Cell Cycle Synchronization

HeLa cells were synchronized at the G₁/S boundary by double-thymidine. Cells were cultured for 14 h in the presence of 2 mM thymidine (Sigma), released for 12 h in fresh medium, and arrested for 14 h in the presence of 2 mM thymidine. Cells were released from double-thymidine block by changing to fresh culture medium. Cells were harvested by centrifugation at 1000 rpm for 5 min at 4°C, followed by washing twice with cold PBS, and slowly fixed by adding 500 μl 70% ice-cold ethanol gently. Fixed cells were centrifuged at 1000 rpm for 5 min at room temperature, and then stained with 1 ml Triton X-100 (0.1%)/propidium iodide (50 μg/ml)/RNase (100 μg/ ml) solution in the dark for 15 min at room temperature. The percentage of cells at different phases of the cell cycle was determined by flow cytometry (Becton Dickinson FACStar Plus flow cytometer). Each measurement was based on analysis of 30,000 cells.

Quantitative Reverse-Transcription Polymerase Chain Reaction (RT-PCR)

The mRNA expression levels of Aurora-A, -B, and -C in various tissues and cell lines were examined using RT-PCR analysis according to the manufacturer’s instruction (Applied Biosystems). The specificity of the amplification reaction was demonstrated by using Aurora-A, -B, and -C plasmids, which were constructed on pCMV2 vector as described previously (40). The primer sequences, designed by Primer Express software (Applied Biosystems), were Aurora-A (forward and reverse primers, 5′-TTCCAGGAGGACCACTCTCTGT-3′ and 5′-TGCATCCGACCTTCAATCATT-3′), Aurora-B (forward and reverse primers, 5′-GGCGCATGCACAATGAGA-3′ and 5′-TCCCCACCAGCAGCTCATAG-3′), and Aurora-C (forward and reverse primers, 5′-GGAAATTGAGATCCAGGCTCAT-3′ and 5′-GGCGTGCATCATGGAAATAGT-3′). Twenty-three commercially available normal tissues were obtained from Clontech. Total RNA was isolated from frozen tissues or cultured cells using the RNeasy RNA extraction kit (Qiagen) plus DNase I treatment (Promega). Two micrograms of total RNA from each sample was subjected to reverse transcription using the ThermoScript RT-PCR system (Invitrogene). The cDNA products from each sample (200-fold dilution) were used to perform quantitative PCR. Each 10 μl of quantitative PCR reaction mixture contained 5 μl of twofold SYBR Green Master Mixture (Applied Biosystems), 4 μl of cDNA product mixture (200-fold dilution), 0.5 μl each of 6-μM PCR forward and reverse primers (final concentration: 300 nM).
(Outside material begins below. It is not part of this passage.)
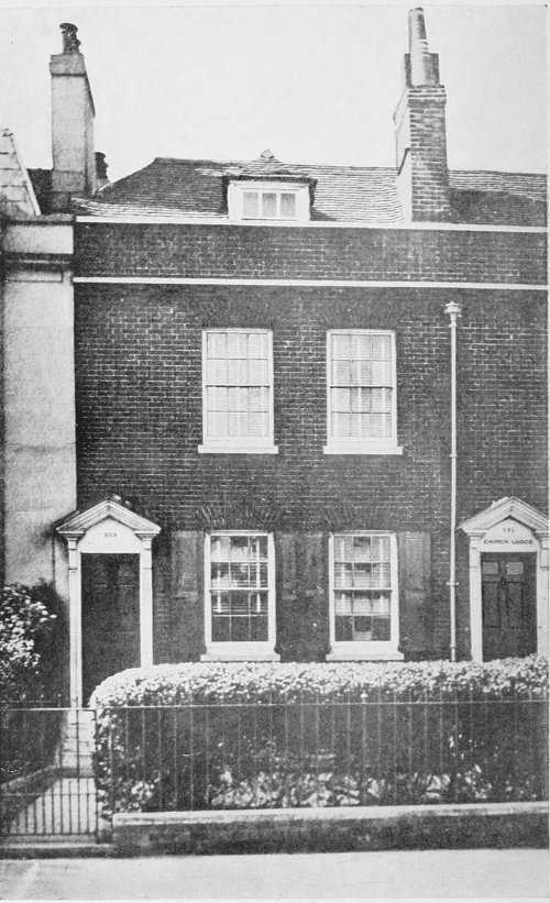 The birthplace of Charles Dickens, which less than half a century ago overlooked green fields, is an interesting survival of those days of arboreal delights; and the broad road, on the west side of which it is situated, leads to Cosham and the picturesque ruin of Porchester Castle. In 1809 John Dickens was transferred from Somerset House to the Navy Pay-Office at Portsmouth Dockyard, and, with his young wife, made his home here, in which 3 were born their first child (Frances Elizabeth) in 1810, and Charles on February 7, 1812. This domicile is a plain, red-brick building containing four rooms of moderate size and two attics, with domestic offices; in front there is a small garden, separated from the public roadway by an iron palisading; and a few steps, with a hand-rail, lead from the forecourt to the hooded doorway of the principal entrance. The front bedroom is believed to be the room in which Dickens was born. From the apartments in the rear there is still a pleasant prospect, overlooking a long garden, where flourishes an eminently fine specimen of the tree-mallow. On the death of Mrs. Sarah Pearce, the owner and occupier (and last surviving daughter of John Dickens’s landlord), the house was offered for sale by public auction on Michaelmas Day, 1903, when, much to the delight of the townspeople as well as of all lovers of the great novelist, it was purchased by the Portsmouth Town Council for preservation as a Dickens memorial, and with the intention of adapting it for the purposes of a Dickens Museum. The purchase price was £1,125, a sum exceeding by five hundred pounds the amount realized on the same occasion by the adjoining freehold residence (No. 395), which is identical in character—an interesting and significant testimony as to the sentimental value attaching to the birthplace of “Boz.”

The Rn value obtained from the PCR amplification curve was used to calculate relative mRNA copy number. GAPDH mRNA was used as an internal comparison control to normalize the data. A melting curve was used to identify the temperature where only the amplicon, but not the primer dimers, accounted for the SYBR Green-bound fluorescence. Assays were performed in triplicate using Applied Biosystems Model 7700 instruments.

RESULTS AND DISCUSSION

Specificity of the Amplification Reaction

To delineate the expression profiles of the Aurora family, we employed quantitative RT-PCR to analyze a variety of biological samples, including various tissues, cell lines with different derivatives, a HeLa cell cycle panel released from the G₁/S boundary, and esophageal cancer tissues and their adjacent nontumor pairs. In this study, we employed two templates for PCR amplification, namely three Aurora plasmids and cDNA generated from the bladder cancer cell line, UB37, to illustrate the specificity of each primer. Figure 1 shows that each specific primer for Aurora-A, -B, or -C could only amplify its own target regardless of which template we used. Moreover, the PCR products were subjected to DNA sequencing. The results showed that each PCR reaction only generated its own corresponding product (data not shown), indicating the PCR reaction could specifically reflect the expression pattern among Aurora members. For quantitative RT-PCR measurements, it is generally believed that there is no perfect internal control expressing equal quantities in different tissues. Therefore, in this study, the relative expression percentage of each Aurora member was reported using GAPDH as the internal control, as its expression levels remain relatively constant in different tissues (19).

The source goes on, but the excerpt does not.